Input data

-------------------------

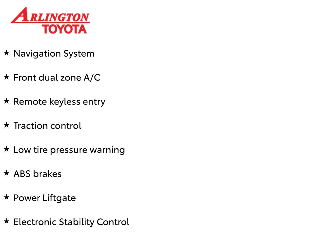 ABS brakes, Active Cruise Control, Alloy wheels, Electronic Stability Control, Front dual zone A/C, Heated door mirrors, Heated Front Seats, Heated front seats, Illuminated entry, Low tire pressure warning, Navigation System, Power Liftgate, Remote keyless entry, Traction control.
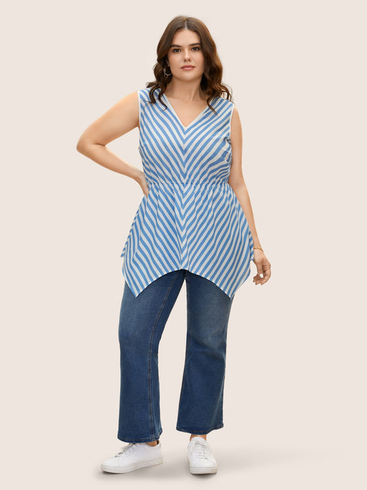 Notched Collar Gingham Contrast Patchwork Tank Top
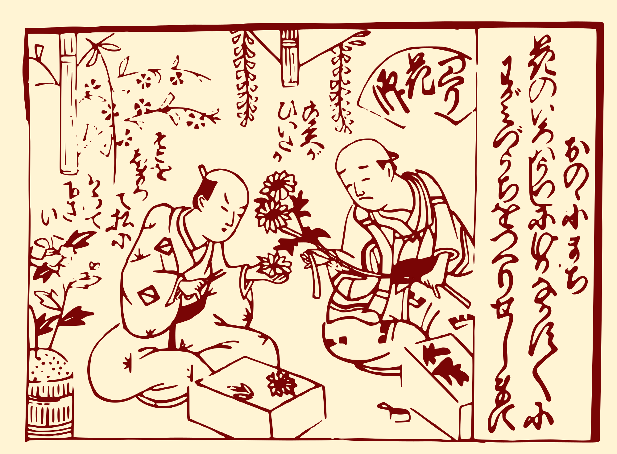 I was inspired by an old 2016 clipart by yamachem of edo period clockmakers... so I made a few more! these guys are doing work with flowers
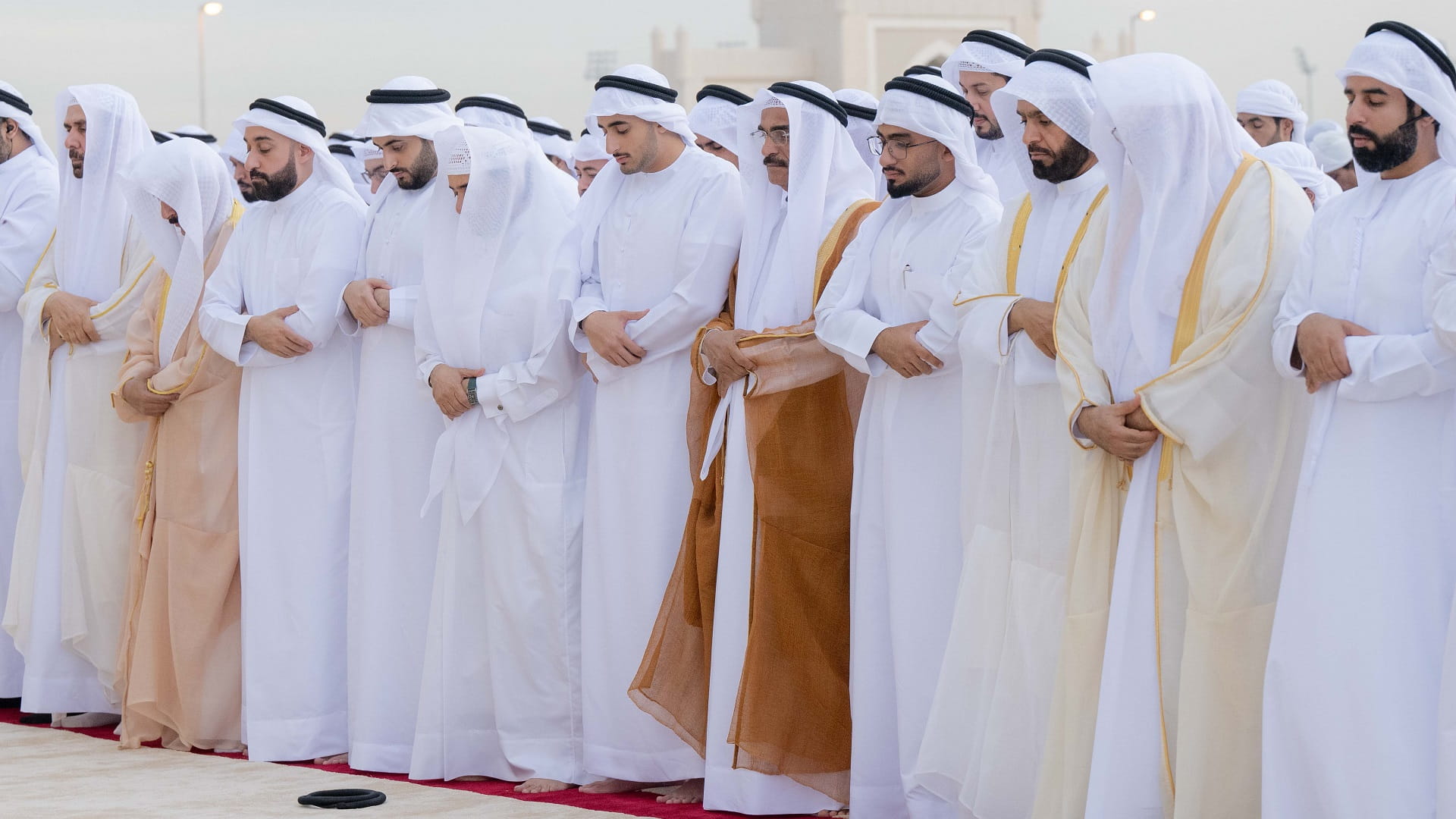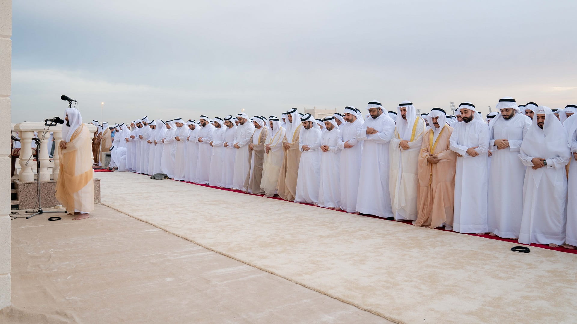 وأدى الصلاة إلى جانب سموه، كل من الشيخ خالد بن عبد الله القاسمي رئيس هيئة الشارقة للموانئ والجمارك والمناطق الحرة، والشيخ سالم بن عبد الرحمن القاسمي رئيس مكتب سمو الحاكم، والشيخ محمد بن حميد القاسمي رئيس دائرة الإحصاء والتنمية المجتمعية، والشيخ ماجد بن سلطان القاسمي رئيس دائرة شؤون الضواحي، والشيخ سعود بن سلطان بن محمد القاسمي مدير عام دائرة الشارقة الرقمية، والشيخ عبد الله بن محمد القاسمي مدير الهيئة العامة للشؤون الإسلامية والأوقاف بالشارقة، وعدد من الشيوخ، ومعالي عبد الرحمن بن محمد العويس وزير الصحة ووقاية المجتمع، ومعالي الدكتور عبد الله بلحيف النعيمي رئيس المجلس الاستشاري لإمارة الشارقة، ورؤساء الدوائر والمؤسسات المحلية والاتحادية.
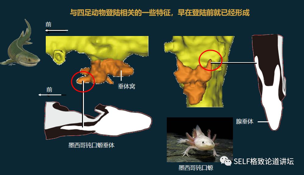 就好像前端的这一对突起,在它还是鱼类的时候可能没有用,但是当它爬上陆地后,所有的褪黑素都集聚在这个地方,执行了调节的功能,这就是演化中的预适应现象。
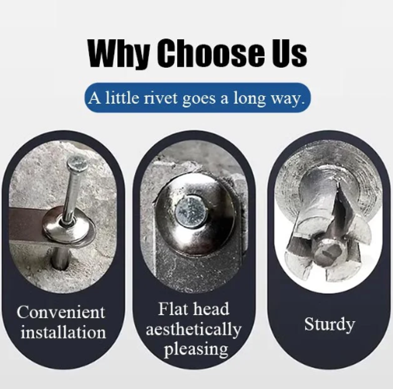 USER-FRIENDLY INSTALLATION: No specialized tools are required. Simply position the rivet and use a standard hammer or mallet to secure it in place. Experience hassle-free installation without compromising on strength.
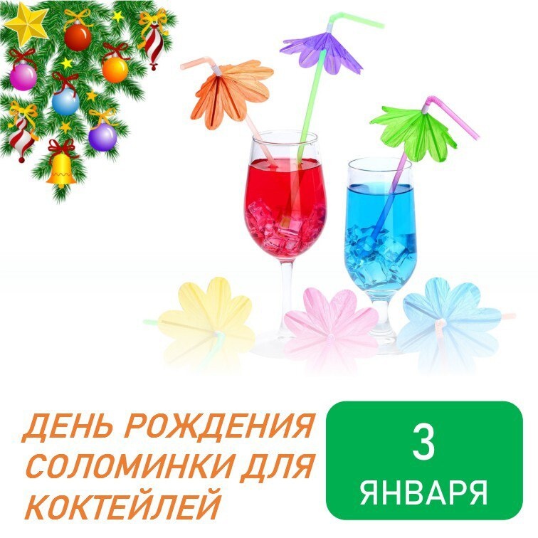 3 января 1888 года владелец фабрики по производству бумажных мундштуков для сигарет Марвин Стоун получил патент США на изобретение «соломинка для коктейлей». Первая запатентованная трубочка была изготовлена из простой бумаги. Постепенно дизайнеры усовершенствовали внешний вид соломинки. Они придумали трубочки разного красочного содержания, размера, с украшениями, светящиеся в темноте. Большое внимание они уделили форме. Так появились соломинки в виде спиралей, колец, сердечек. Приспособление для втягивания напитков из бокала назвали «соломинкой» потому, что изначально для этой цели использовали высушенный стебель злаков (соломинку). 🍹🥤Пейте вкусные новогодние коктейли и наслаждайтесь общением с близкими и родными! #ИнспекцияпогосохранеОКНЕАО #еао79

-------------------------

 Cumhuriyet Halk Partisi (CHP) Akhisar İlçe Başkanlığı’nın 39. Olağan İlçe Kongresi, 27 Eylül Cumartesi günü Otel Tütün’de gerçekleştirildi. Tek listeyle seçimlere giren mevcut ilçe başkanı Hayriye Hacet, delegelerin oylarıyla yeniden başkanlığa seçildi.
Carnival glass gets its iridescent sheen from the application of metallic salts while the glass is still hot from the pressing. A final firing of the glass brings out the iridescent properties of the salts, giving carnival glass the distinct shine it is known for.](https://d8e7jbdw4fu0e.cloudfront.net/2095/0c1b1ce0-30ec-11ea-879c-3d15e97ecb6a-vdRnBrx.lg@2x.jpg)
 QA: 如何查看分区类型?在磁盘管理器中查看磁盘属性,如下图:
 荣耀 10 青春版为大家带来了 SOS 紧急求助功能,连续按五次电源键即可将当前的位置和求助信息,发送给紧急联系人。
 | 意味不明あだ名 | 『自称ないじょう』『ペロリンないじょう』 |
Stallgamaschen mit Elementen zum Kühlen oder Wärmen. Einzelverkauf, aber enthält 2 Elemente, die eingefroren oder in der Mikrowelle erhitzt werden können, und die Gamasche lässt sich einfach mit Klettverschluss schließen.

-------------------------

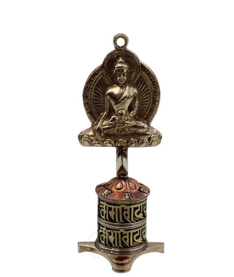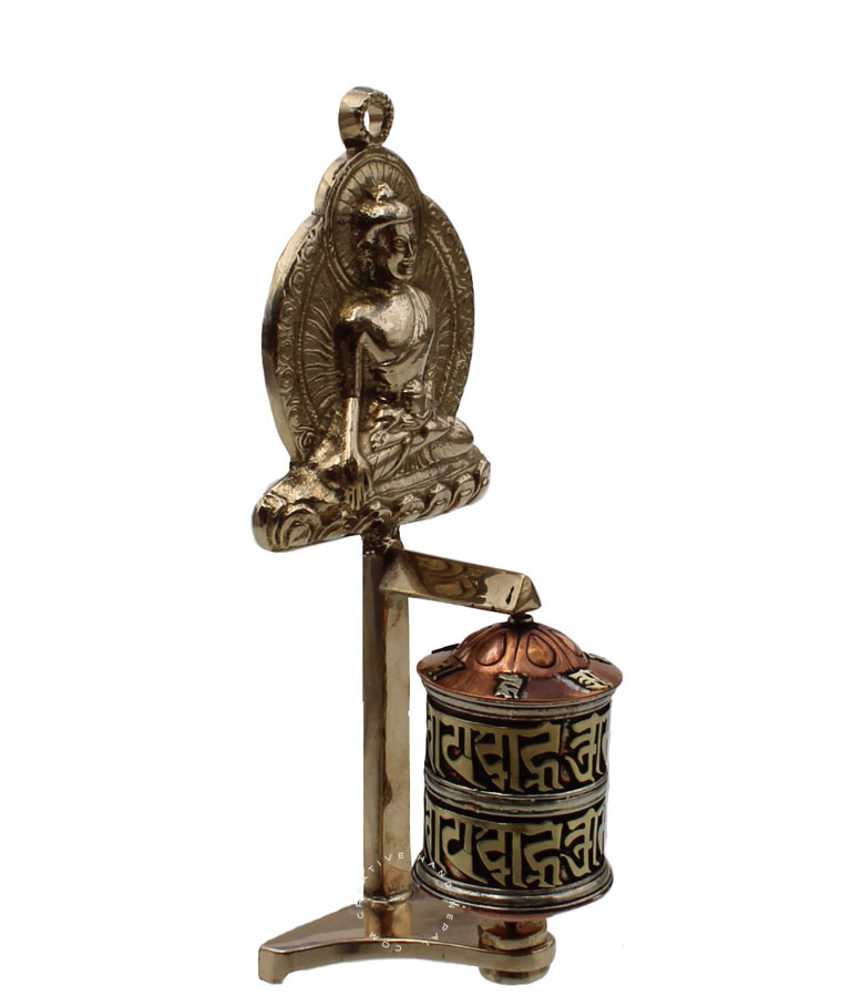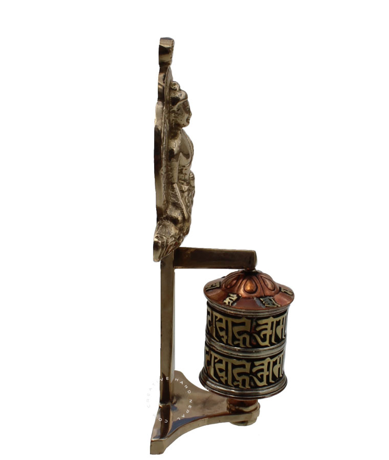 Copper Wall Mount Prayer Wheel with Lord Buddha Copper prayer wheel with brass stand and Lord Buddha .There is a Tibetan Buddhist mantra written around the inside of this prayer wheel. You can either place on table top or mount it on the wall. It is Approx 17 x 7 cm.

-------------------------

Exercise description
The lines to set down run from the line with "就好像前端的这一对突起,在它" up to and including the line with "USER-FRIENDLY INSTALLATION: No" in the entries above. Reproduce them exactly, with no pictures.

Response for this exercise
 就好像前端的这一对突起,在它还是鱼类的时候可能没有用,但是当它爬上陆地后,所有的褪黑素都集聚在这个地方,执行了调节的功能,这就是演化中的预适应现象。
 USER-FRIENDLY INSTALLATION: No specialized tools are required. Simply position the rivet and use a standard hammer or mallet to secure it in place. Experience hassle-free installation without compromising on strength.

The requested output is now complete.